It's a big day for the S&P/ASX 200 Index (ASX: XJO) today, its biggest day in months. Not because anything too remarkable is happening with the index's movements themselves this Monday. At the time of writing, the ASX 200 is essentially flat, having gained an unremarkable 0.04% so far this session to just over 6,740 points.
No, it's a big day for the ASX 200 today because the latest quarterly rebalancing has just taken effect. The ASX 200 has just had a shakeup.
Why do indexes need rebalancing?
Like most indexes, the ASX 200 is constructed through weighting by market capitalisation. This means the largest companies by size enjoy the largest weighting in the index.
So even though there are 200 or so ASX shares in the ASX 200, the largest ones have more influence than the smallest ones. So Commonwealth Bank of Australia (ASX: CBA), for example, has a far more influential presence on the ASX 200 than, say, Bank of Queensland Limited (ASX: BOQ).
But market capitalisations are determined by a company's sales price. And, as we know, this changes every trading day. As such, the largest ASX 200 shares by market capitalisation are always in flux.
To make up for this, the ASX 200 is rebalanced every three months to ensure the index is accurately representing the Australian share market. What might have been the ASX 200's 195th largest share by market cap in one quarter might become the 205th, for example, by the time the next quarter rolls around.
As such, there are normally new companies that leave the index when this rebalancing takes place.

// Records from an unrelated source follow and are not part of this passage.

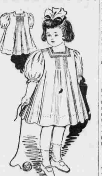
CHILD'S SIMPLE DRESS—3115. A pattern of this pretty dress is cut in three sizes—for one, three and five years of age. Send 10 cents to this office, giving number (3115), and the pattern will be promptly forwarded to you by mail.

Fashionable Demiseason Colors. Darned Net Blouses Modish. Topaz brown, a cold gray blue and a peacock green are newer than the purple tones, which in the earlier part of the season were almost done to death. White net blouses with a large mesh darned in white or colored silks in a splashing design are smart. These blouses are made up over chiffon to soften them. An incontrovertible edict has issued from the throne of fashion. It is a
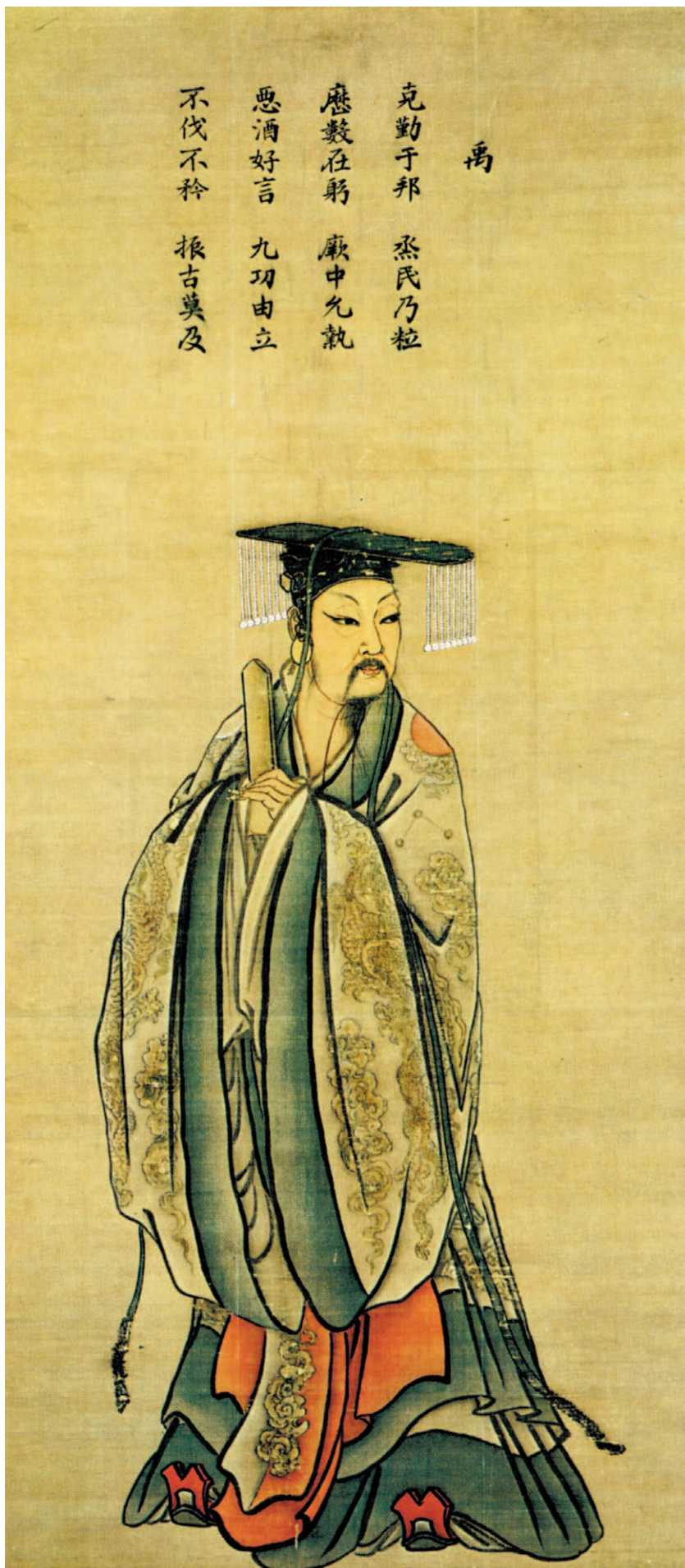
Above: Yu the Great, one of the legendary Three Sage Kings. As imagined by Song Dynasty painter Ma Lin (馬麟). Painting is located in the National Palace Museum, Taipei. Tokugawa Confucian thinker Ogyū Sorai (1666-1728) believed that Confucian truth was to be found in the historical truth of the rule of the 'Ancient Sage Kings' of Chinese antiquity—pre 700AD.
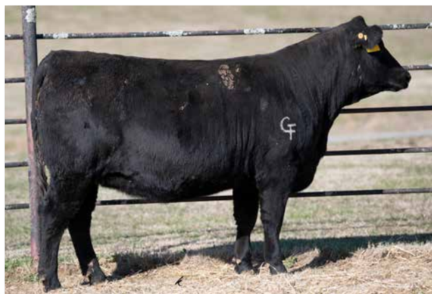
GIBBS 3089L JAUER 1180J Sells as Lot 90.

• Bred 11/29/24 to GIBBS KINGPIN 1140J, then pasture exposed to GIBBS JAM UP 2044K from 12/3 to 1/25. Calving date and planned mating EPDs available sale day.
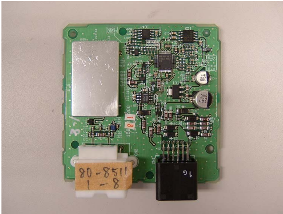
Receiver inside comp side with shield
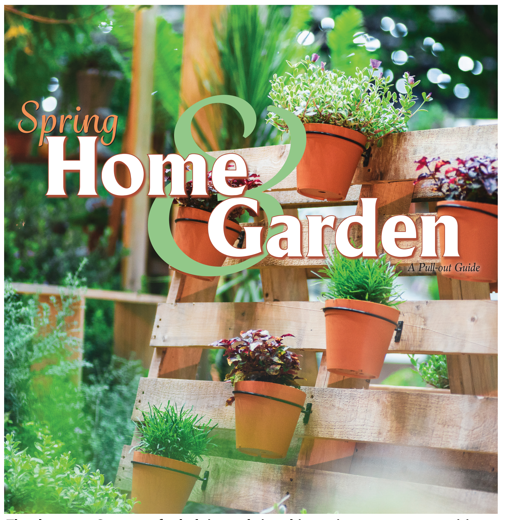
Thanks to our Sponsors for helping to bring this section to our communities ...
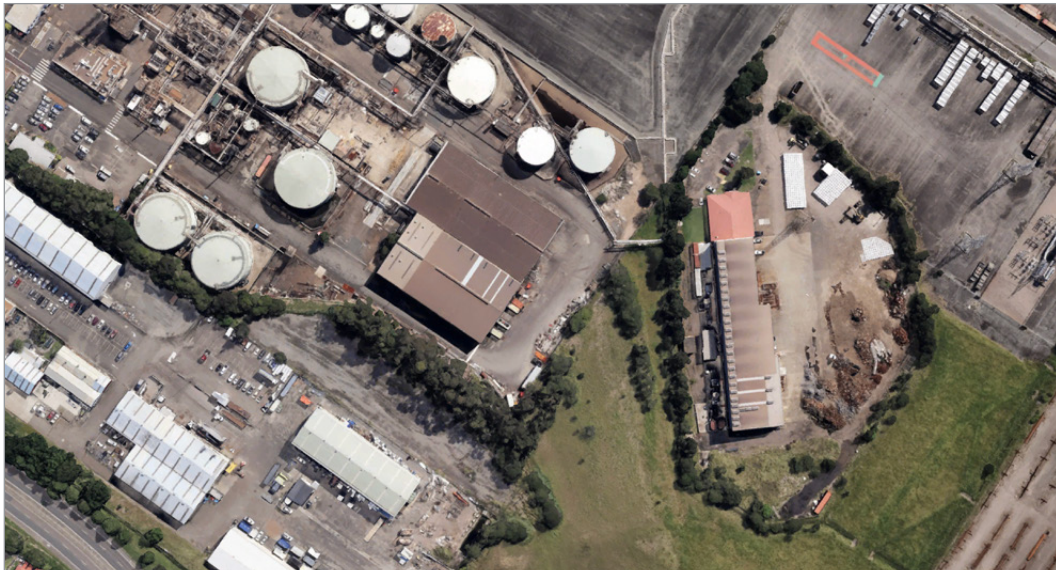
Figure 4-3: Site layout.
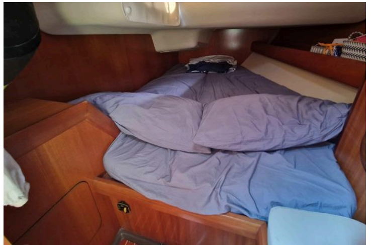
Cozy cabin interior of 2002 Grand Soleil 43 sailboat with blue bedding.

These will be replaced by others that have seen their market capitalisation rise over the quarter in question.
So these changes to the ASX 200 Index are normally announced with a few weeks to spare. This gives index funds and other concerned parties the time to adjust and hopefully prevents no unnecessarily wild price swings on the rebalance day.
We found out what the latest rebalancing would involve a few weeks ago on 2 September. But today is the day these changes take effect. So let's go over some of the biggest changes to the ASX 200 Index that are in place from today.
A new look ASX 200
So, to get the bad news out of the way first, here is a list of the ASX 200 shares that are, well, no longer ASX 200 shares.:
- Life360 Inc (ASX: 360)
- AVZ Minerals Ltd (ASX: AVZ)
- City Chic Collective Ltd (ASX: CCX)
- Clinuvel Pharmaceuticals Limited (ASX: CUV)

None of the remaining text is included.